### DATASET EXTRACT
########################################
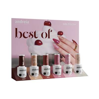 Algunos tonos han vuelto para quedarse con la nueva colección Best Of de Andreia Professional. 6 tonos que han sido mucho más que tendencia en ediciones limitadas pasadas, han creado un nuevo conjunto de tonos perfectos para esta tamporada. Pasando por colecciones como Hot'N Cold o Free Spirit, estos tonos prometen llenar tu manicura de color y de un brillo increíble. Este expositor está pensado para salones de belleza, centros de estética o profesionales de la manicura que desean ofrecer a sus clientes una selección de tonos imprescindibles y versátiles. Con su fórmula de alta calidad, estos esmaltes garantizan una aplicación fácil y precisa, y su durabilidad prolongada asegura que tu manicura se mantenga intacta hasta 4 semanas.
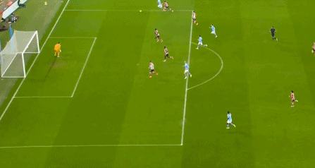 第52分钟,多库左路突破,禁区内起脚兜射,皮球击中立柱弹出,福登补射被巴拉迪封堵。
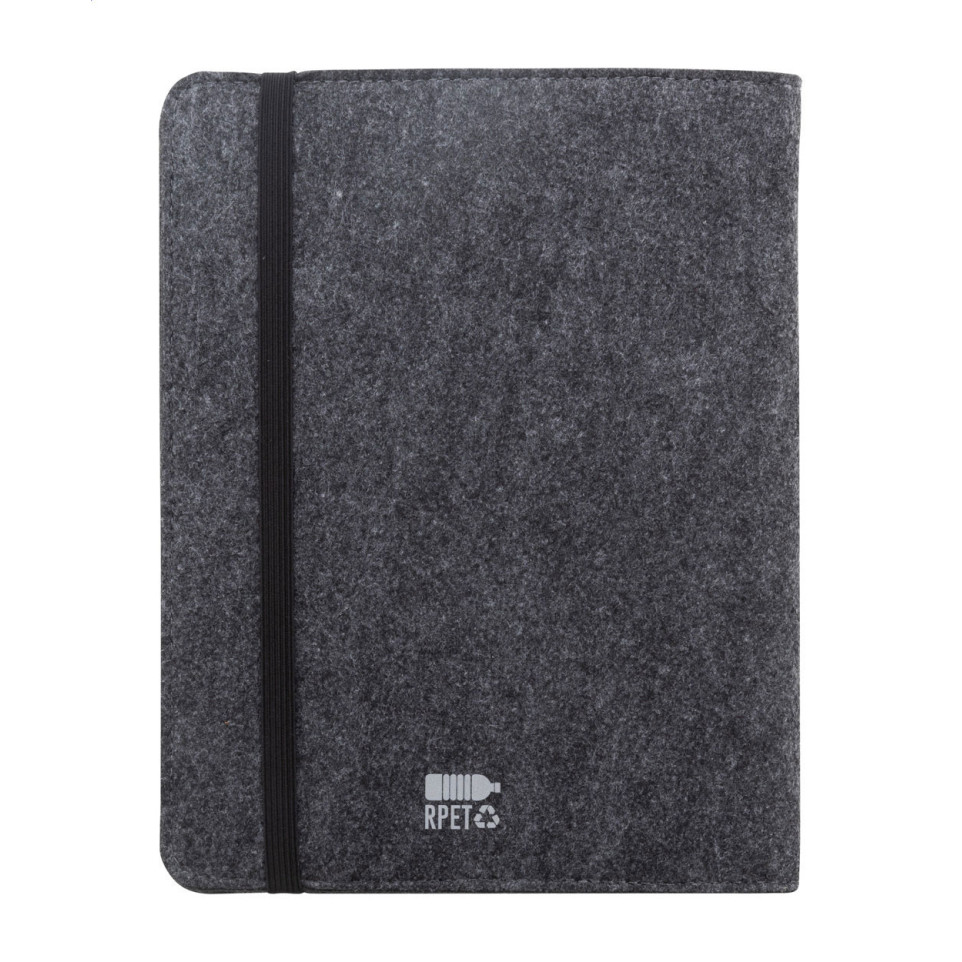 De buitenkant bestaat uit RPET-vilt, gemaakt van gerecyclede PET-flessen, wat de map duurzaam en milieubewust maakt.
########################################
### REQUIRED ACTION
Once the line with "第52分钟,多库左路突破,禁" is found, write out that line and every later line of the listing above exactly, through the last one, and skip any pictures.

### REPLY TO THE TASK
 第52分钟,多库左路突破,禁区内起脚兜射,皮球击中立柱弹出,福登补射被巴拉迪封堵。
 De buitenkant bestaat uit RPET-vilt, gemaakt van gerecyclede PET-flessen, wat de map duurzaam en milieubewust maakt.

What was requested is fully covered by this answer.